16 The second basis on which Optiver argued the subpoenas should be set aside was that they served no legitimate forensic purpose because anything that might be produced in answer to the subpoena that would not be the subject of a claim for legal professional privilege could not be used in evidence or tendered as an opinion. In my opinion, that argument should also be rejected. The mere fact that the documents themselves may not be admissible in evidence is at the moment, although likely, nonetheless speculative. Moreover, subpoenas can, like discovery, produce documents that may have a relevance for the purpose of the litigation that will enable the Court to be put in a position, on the evidence admitted at the trial, to do justice to the parties by exposing other facts that can be adduced in admissible form.

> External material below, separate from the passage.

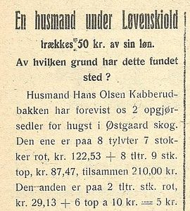 Ole Eriksen døde 1908, og de to yngste sønnene – Hans og Johan - overtok Kabberudbakken. I tillegg til å drifte plassen var de skogs- og jordarbeidere for gårdeieren på Overud. I 1921 var det Thorvald Løvenskiold, og forholdet skulle ha vært gjensidig godt. Like fullt fant den trauste husmann Hans seg nødsaget til å gå til lokalavisa etter at skogsbestyreren hadde trukket 20 prosent av lønna. Dette skulle være en «straff» for at han hadde kjørt et tømmerlass utenom en myr.

17 In these proceedings the reports of experts deployed by the parties contain a very considerable series of differences of opinion about a vast range of matters. These differences include what published research shows about how many lines of software individual programmers are capable of writing on a daily basis. Material may be produced in answer to the subpoenas addressed to the three experts, such as published research by others, that has not been discovered by either side or experts upon whom they do rely in the litigation. Depending on the evidence adduced in support of a claim for privilege, published research, copied or identified in documents such as research or file notes, produced in answer to the subpoenas may be found not to be privileged if a claim is made in respect of them: Interchase [1999] 1 Qd R at 162; Southcorp 46 ACSR at 441-442 [21]. For these reasons, I am not satisfied that the subpoenas serve no legitimate or useful purpose.